### Entries supplied

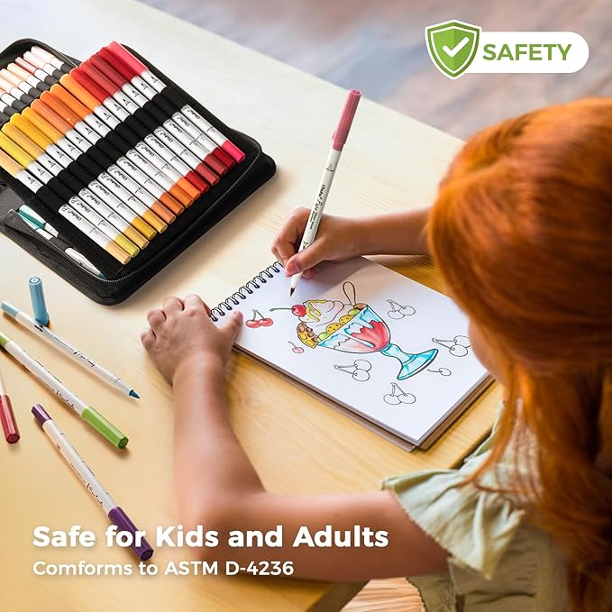 - BRUSH & FINELINER, DOUBLE-TIP, DOUBLE THE FUN: Master every bit of your creative stroke! The Ohuhu art markers for adults feature durable dual tips with smooth ink flow that effortlessly fit any writing surface. The 0.4mm fineliner tip can glide through the details for intricate coloring, writing, and doodling with fluid precision while the 1-5mm soft brush tip flows through the large area art projects for shading, coloring, blending and more.
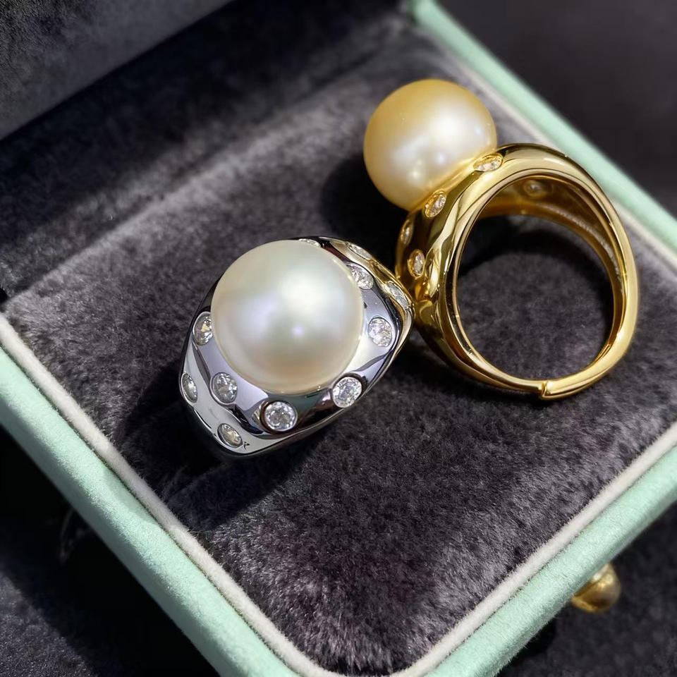 Support de bague en argent S925 10765DIY avec perles rondes de 5-6 mm, or/argent, accessoires et composants de bijoux multicolores
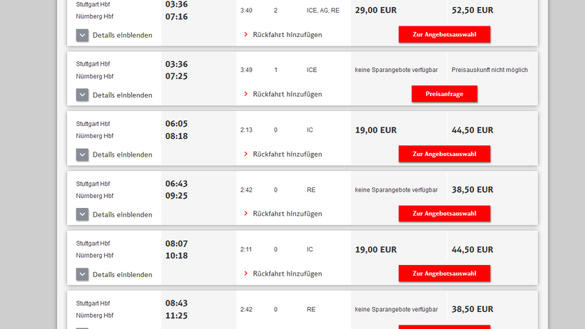 Зайдя на сайт Дойче бан, я увидела, что добраться в Нюрнберг можно без пересадок. Правда, прямых рейсов много, а в пути вы проведете меньше времени, да и билет будет стоить дешевле. В общем, прямые поезда отправляются из Штутгарта в примерно раз в час с 6 утра до 8 вечера. В дороге нужно будет провести приблизительно 2,5 часа. Как видите, прямых маршрутов полно, и проблем с дорогой не должно возникнуть.
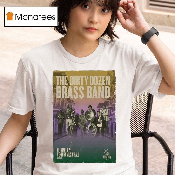 Simple style, maximum impact with The Dirty Dozen Brass Band In Ventura Ca On Dec 28 2025 Shirt, get ready to groove with The Dirty Dozen Brass Band as they bring their iconic New Orleans sound to Ventura, CA on December 28, 2025. Don’t miss your chance to snag the limited edition concert shirt featuring the date and location of this unforgettable performance.
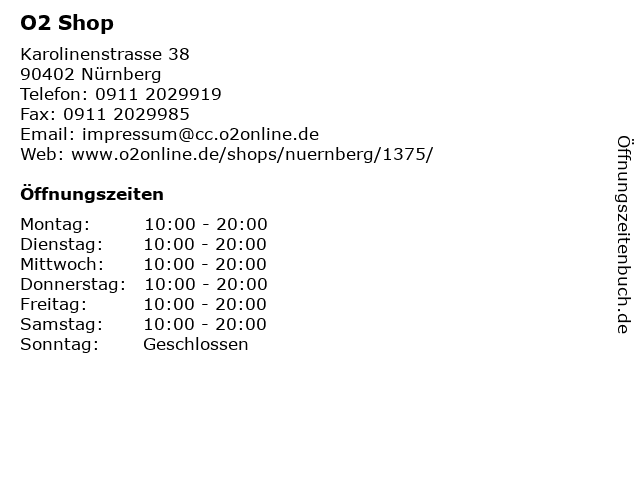 | Öffnungszeiten O2 Shop in Nürnberg anzeigen | |
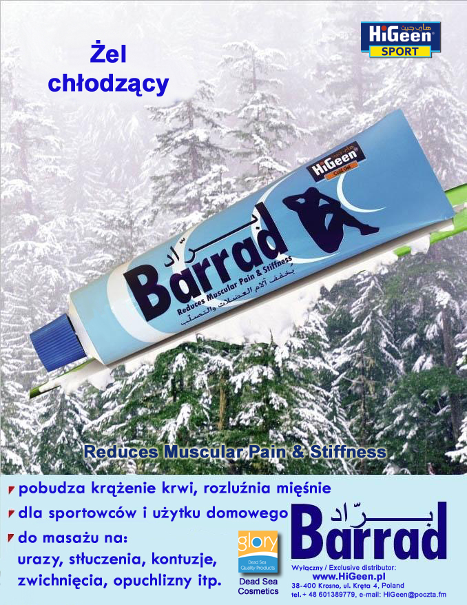 Krem do masażu HARRAR (formuła z naturalnymi ziołami rozgrzewającymi) oraz żel chłodzący BARRAD.
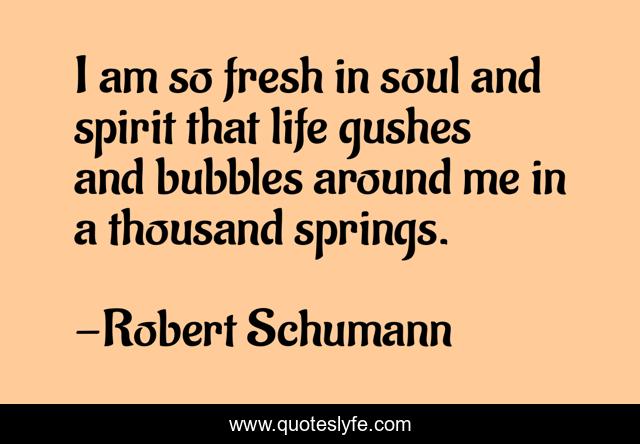 This page presents the quote "I am so fresh in soul and spirit that life gushes and bubbles around me in a thousand springs.". Author of this quote is Robert Schumann. This quote is about life, soul,.
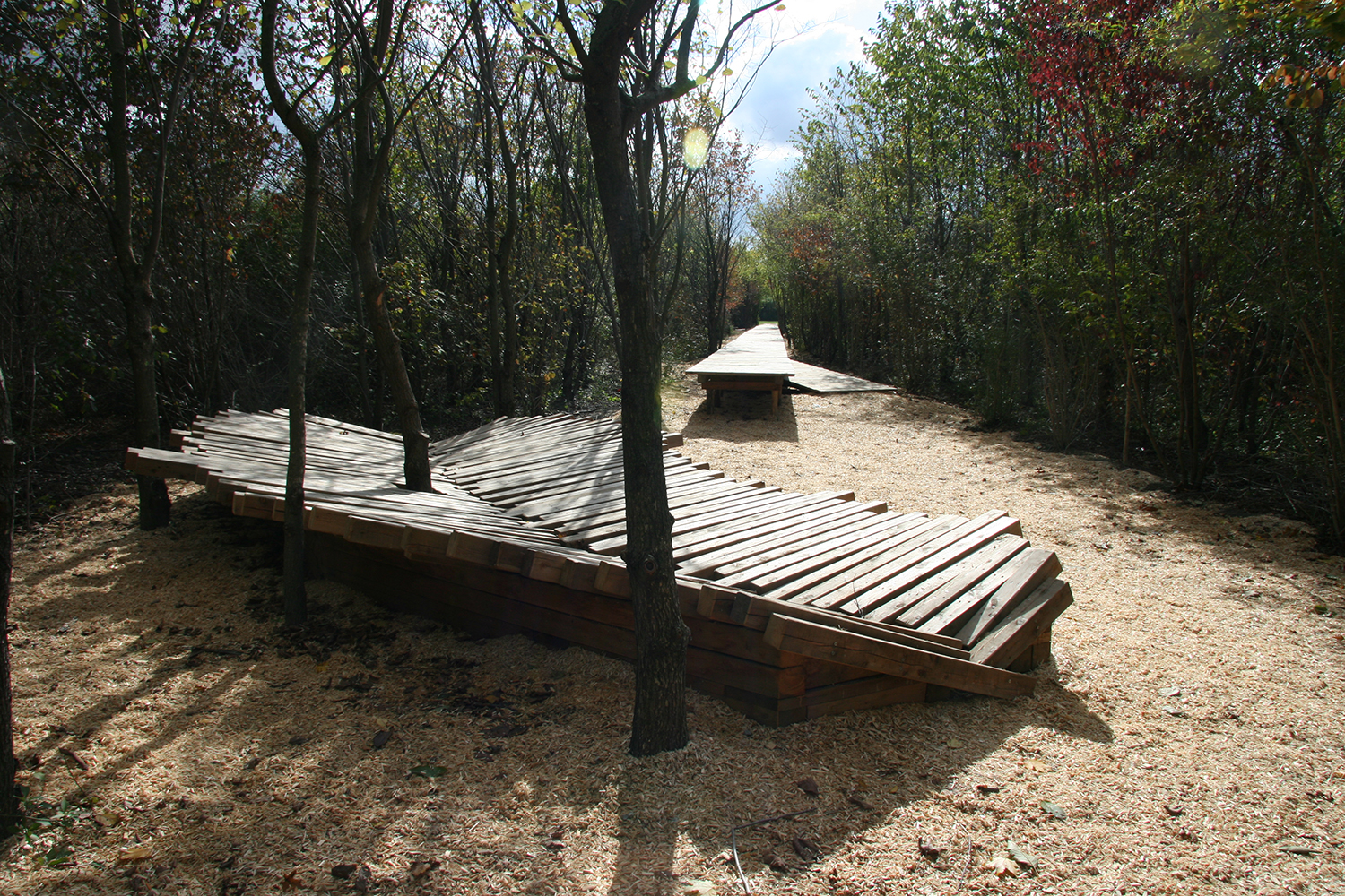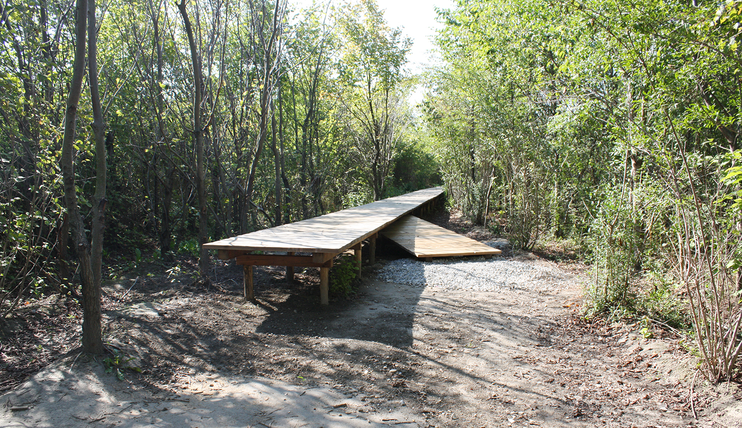 Auf dem ein Kilometer langen geradlinigen Teil der Strecke liegen 1001 nummerierte Betonelemente im Größenverhältnis einer Bahnschwelle (260x30cm). Sie sollen die Nutzer zu unterschiedlichsten Tätigkeiten inspirieren und den persönlichen Bezug zum Ort intensivieren.

######

■ **Exercise goal**
Omit the pictures and reproduce the records above exactly.

■ **Exercise output**
 - BRUSH & FINELINER, DOUBLE-TIP, DOUBLE THE FUN: Master every bit of your creative stroke! The Ohuhu art markers for adults feature durable dual tips with smooth ink flow that effortlessly fit any writing surface. The 0.4mm fineliner tip can glide through the details for intricate coloring, writing, and doodling with fluid precision while the 1-5mm soft brush tip flows through the large area art projects for shading, coloring, blending and more.
 Support de bague en argent S925 10765DIY avec perles rondes de 5-6 mm, or/argent, accessoires et composants de bijoux multicolores
 Зайдя на сайт Дойче бан, я увидела, что добраться в Нюрнберг можно без пересадок. Правда, прямых рейсов много, а в пути вы проведете меньше времени, да и билет будет стоить дешевле. В общем, прямые поезда отправляются из Штутгарта в примерно раз в час с 6 утра до 8 вечера. В дороге нужно будет провести приблизительно 2,5 часа. Как видите, прямых маршрутов полно, и проблем с дорогой не должно возникнуть.
 Simple style, maximum impact with The Dirty Dozen Brass Band In Ventura Ca On Dec 28 2025 Shirt, get ready to groove with The Dirty Dozen Brass Band as they bring their iconic New Orleans sound to Ventura, CA on December 28, 2025. Don’t miss your chance to snag the limited edition concert shirt featuring the date and location of this unforgettable performance.
 | Öffnungszeiten O2 Shop in Nürnberg anzeigen | |
 Krem do masażu HARRAR (formuła z naturalnymi ziołami rozgrzewającymi) oraz żel chłodzący BARRAD.
 This page presents the quote "I am so fresh in soul and spirit that life gushes and bubbles around me in a thousand springs.". Author of this quote is Robert Schumann. This quote is about life, soul,.
 Auf dem ein Kilometer langen geradlinigen Teil der Strecke liegen 1001 nummerierte Betonelemente im Größenverhältnis einer Bahnschwelle (260x30cm). Sie sollen die Nutzer zu unterschiedlichsten Tätigkeiten inspirieren und den persönlichen Bezug zum Ort intensivieren.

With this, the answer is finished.